■ Data records
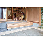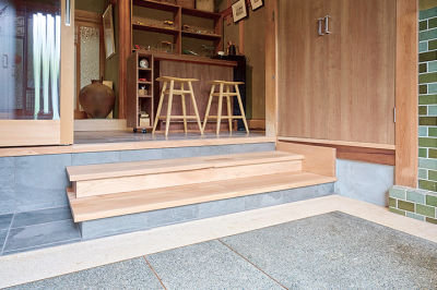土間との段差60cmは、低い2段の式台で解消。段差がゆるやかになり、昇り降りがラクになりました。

...

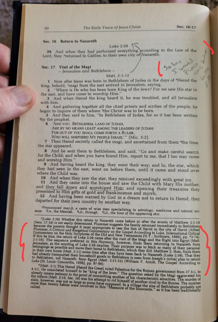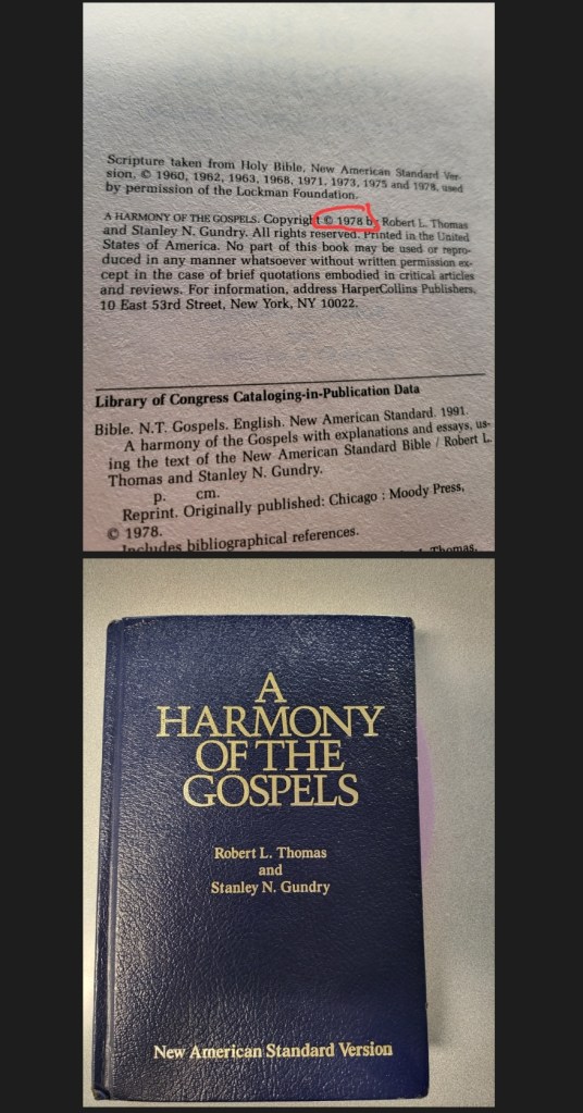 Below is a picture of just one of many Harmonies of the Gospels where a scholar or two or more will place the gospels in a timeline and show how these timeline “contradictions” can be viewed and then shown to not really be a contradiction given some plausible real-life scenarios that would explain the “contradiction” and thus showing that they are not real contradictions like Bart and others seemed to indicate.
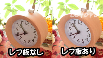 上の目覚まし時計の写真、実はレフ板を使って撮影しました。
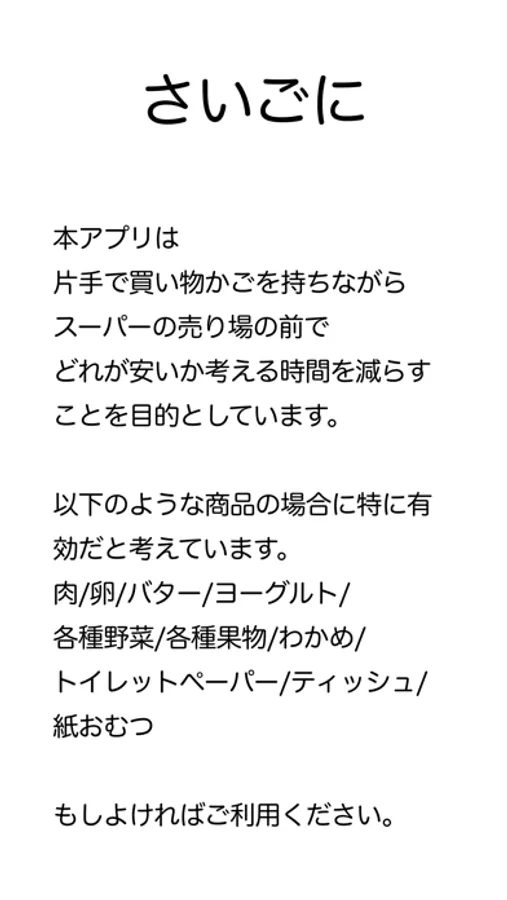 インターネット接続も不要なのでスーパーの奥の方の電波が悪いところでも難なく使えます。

--

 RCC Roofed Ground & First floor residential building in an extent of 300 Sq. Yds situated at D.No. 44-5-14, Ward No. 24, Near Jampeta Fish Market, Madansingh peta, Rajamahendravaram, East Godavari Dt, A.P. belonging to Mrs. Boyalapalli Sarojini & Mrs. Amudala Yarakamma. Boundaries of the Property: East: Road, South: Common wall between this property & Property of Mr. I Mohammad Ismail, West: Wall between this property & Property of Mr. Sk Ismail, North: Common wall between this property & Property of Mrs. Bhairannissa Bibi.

■ Instructions to follow
Could you output exactly the lines above, from the line with "Below is a picture" up to and including the line with "インターネット接続も不要なの", and nothing else, skipping the pictures?

■ Your solution
 Below is a picture of just one of many Harmonies of the Gospels where a scholar or two or more will place the gospels in a timeline and show how these timeline “contradictions” can be viewed and then shown to not really be a contradiction given some plausible real-life scenarios that would explain the “contradiction” and thus showing that they are not real contradictions like Bart and others seemed to indicate.
 上の目覚まし時計の写真、実はレフ板を使って撮影しました。
 インターネット接続も不要なのでスーパーの奥の方の電波が悪いところでも難なく使えます。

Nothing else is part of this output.